Alcune figure nel panorama alternative USA superano la iconografia che appartiene ai grandi "classici" della storia del rock da Jim Morrison e Kurt Cobain. Artisti in molti casi più che prolifici, figure spesso eccentriche e dal carattere tanto difficile quanto schivo, sperimentatori senza tempo come Roky Erickson, Michael Yonkers, Jad Fair, Daniel Johnston ecc. ecc. e in ogni caso votati a quella attitudine garage di cui oggi raccolgono il testimone Ty Segall oppure Joh Dwyer, sono questi che più che tutte quelle band e artisti che pubblicano su Sub Pop oppure Matador che in verità custodiscono quello spirito e quella attitudine selvaggia delle origini e invece che coltivare il culto di se stessi, rinnovano il mito del rock and roll.

John Terlesky aka Brother JT (così soprannominato dal giornalista Byron Coley) è nato a Easton in Pennsylvania nel 1962. Alla fine degli anni ottanta prende parte al revival psichedelico e forma con Dan McKinney gli Original Sins. La band si ispirava a Seeds e 13th Floor Elevators (che John cita ancora oggi come la sua principale influenza) e aveva una spiccata attitudine garage-punk: il duo si fece notare negli anni per il sound tanto semplice quanto estremo e l'atteggiamento selvaggio e provocatorio e decisamente sopra le righe. Mentre questa esperienza volgeva al termine, John, prediligendo questa volta un approccio più visionario e free-form, cominciò a pubblicare dischi come solista completamente allucinati e composti per lo più di sessioni psichedeliche sperimentali, prima di "rientrare" e riprendere il cammino interrotto con gli Original Sins e l'imprinting fondamentalmente garage.

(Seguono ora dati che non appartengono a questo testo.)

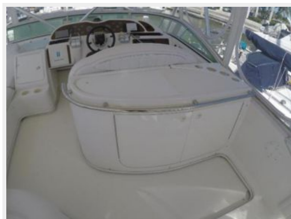
Bridge serving area

John scrive ogni anno tra le quaranta e cinquanta canzoni e registra tutto in presa diretta con la band prima di procedere poi a un lavoro di sovraincisioni a casa. Per il suo ultimo disco ("Tornado Juice", Thrill Jockey) è ritornato a registrare in studio dopo dieci anni ai Magic Door del suo amico Ray Ketchem a Montclair nel New Jersey. Autentico psiconauta dal cuore rock and roll, il disco ripropone quella attitudine provocatoria garage con composizioni boogie e rock and roll vintage e psichedeliche e caratterizzate dal suo riconoscibile, indistinguibile rudimentale e acido suono della chitarra, ispirato da artisti come Lou Reed, Ron Asheton e Bo Diddley. Uno strumento - la chitarra - di cui tuttavia JT dice avrebbe fatto volentieri a meno e che se avesse saputo sculettare e ci fosse stato qualcuno tosto come lui a suonarla, allora avrebbe preferito limitarsi a cantare come Mick Jagger oppure Tom Jones. Una affermazione che basta di per sé a descrivere questo disco e questo artista più che tante parole che a questo punto sarebbero superflue.